We wanted to compare the safety and effectiveness of oral antiplatelet therapy versus placebo or no treatment in people with acute ischaemic stroke to see if oral antiplatelet drugs reduced the number of deaths and improved the long-term outcomes in survivors.
Most strokes are caused by a sudden blockage of an artery in the brain that is usually due to a blood clot (called an ischaemic stroke). Immediate treatment with antiplatelet drugs such as aspirin may prevent new clots from forming and hence improve recovery after stroke. However, antiplatelet drugs may also cause bleeding in the brain, which could offset any benefits.
We identified eight studies, up to October 2013, for inclusion in the review. These studies included a total of 41,483 participants. Two of the studies contributed 98% of the data. Four studies tested aspirin, three studies tested ticlopidine and one study tested aspirin plus dipyridamole. The majority of participants in the review were elderly, with a significant proportion over 70 years of age. Males and females were almost equally represented in the trials. There appeared to be some variation in stroke severity among the included trials. The scheduled duration of treatment varied from five days to three months and the scheduled follow-up period varied from 10 days to six months.
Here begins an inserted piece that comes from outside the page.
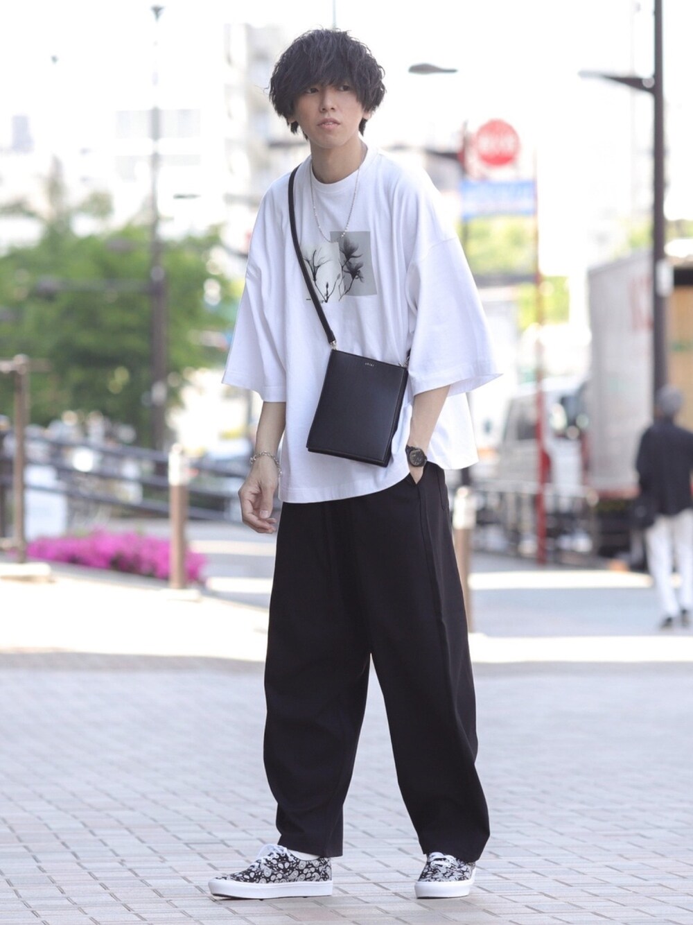 2021.4.28 📎【theme】 プリントTシャツ ✏️【Coordinate】 shiki tokyoの本日4/27に発売した プリントTシャツを 使ったゆるコーデです!! このプリントTシャツは ①生地は大手セレショでも使われた実績のある極上のコットン生地を使用!! きた時の滑らかさがすごく、着心地が半端ないです!! ②他のブランドでは見ないモードなプリント! shikiにちなんで、雨と樹のオリジナルフォトをセレクト!! そこにスモークもかけてモードさを加えました!! shiki tokyoのロゴもさりげなく入ってます! ③色味もshiki オリジナル! オリジナルで染め上げたので、 色味も最高のTシャツとなりました!! という最高のTシャツです! 実は6種類あるのですが、 花はホワイトが 僕は一番気に入ってます!!! これで、値段が5400円+taxという コスパのよさ!! かなりおすすめアイテムです! casper johnの ハカマパンツとあわせて 夏らしいゆるコーデに仕上げました! 良かったら、いいね、お気に入りよろしくお願いします。 ―――――――――――――――――――――― 🔎Instagram ⇒nissy_4ex833 instaでは、コーディネートだけでなく、 ファッションの知識や着こなし方を詳しく解説してます! ぜひ、フォローしていただけると嬉しいです! ご質問等もこちらのDMでお受け致します。 また、御依頼等があればこちらまでお願い致します! プロフィールからも飛べます👌

Aspirin, at a dose of 160 mg to 300 mg daily started within 48 hours of the onset of stroke symptoms, saved lives and reduced the risk of further stroke occurring in the first two weeks. If treatment was started more than 48 hours after onset but within 14 days, the limited evidence from this review and other external data suggests that aspirin is of benefit even starting at this late stage. Aspirin also increased the chances of being alive and independent and improved the chances of making a complete recovery from the stroke. The risk of serious bleeding was very low. Almost all the evidence in this review comes from trials of aspirin. There is no reliable evidence on the effects of the other oral antiplatelet drugs in acute stroke that were assessed in this review (clopidogrel, ticlopidine, cilostazol, satigrel, sarpolgrelate, KBT 3022, iisbogrel).
Quality of the evidence
The quality of the evidence contributing to these results was generally good.
Antiplatelet therapy with aspirin 160 mg to 300 mg daily, given orally (or by nasogastric tube or per rectum in people who cannot swallow) and started within 48 hours of onset of presumed ischaemic stroke, reduced the risk of early recurrent ischaemic stroke without a major risk of early haemorrhagic complications; long-term outcomes were improved.
In people with acute ischaemic stroke, platelets become activated and can cause blood clots to form and block an artery in the brain, resulting in damage to part of the brain. Such damage gives rise to the symptoms of stroke. Antiplatelet therapy might reduce the volume of brain damaged by ischaemia and also reduce the risk of early recurrent ischaemic stroke, thereby reducing the risk of early death and improving long-term outcomes in survivors. However, antiplatelet therapy might also increase the risk of fatal or disabling intracranial haemorrhage.
To assess the efficacy and safety of immediate oral antiplatelet therapy (that is started as soon as possible and no later than two weeks after stroke onset) in people with acute presumed ischaemic stroke.
We searched the Cochrane Stroke Group Trials Register (last searched 16 October 2013), the Cochrane Central Register of Controlled Trials (CENTRAL) (The Cochrane Library Issue 4, 2013), MEDLINE (June 1998 to May 2013), and EMBASE (June 1998 to May 2013). In 1998, for a previous version of this review, we searched the register of the Antiplatelet Trialists' Collaboration, MedStrategy and contacted relevant drug companies.
Randomised trials comparing oral antiplatelet therapy (started within 14 days of the stroke) with control in people with definite or presumed ischaemic stroke.
Two review authors independently applied the inclusion criteria and assessed trial quality. For the included trials, they extracted and cross-checked the data.
We included eight trials involving 41,483 participants. No new trials have been added since the last update.Two trials testing aspirin 160 mg to 300 mg once daily, started within 48 hours of onset, contributed 98% of the data. The risk of bias was low. The maximum follow-up was six months. With treatment, there was a significant decrease in death or dependency at the end of follow-up (odds ratio (OR) 0.95, 95% confidence interval (CI) 0.91 to 0.99). For every 1000 people treated with aspirin, 13 people would avoid death or dependency (number needed to treat 79). Antiplatelet therapy was associated with a small but definite excess of symptomatic intracranial haemorrhages, but this small hazard was significantly outnumbered by the benefit, the reduction in recurrent ischaemic stroke and pulmonary embolus.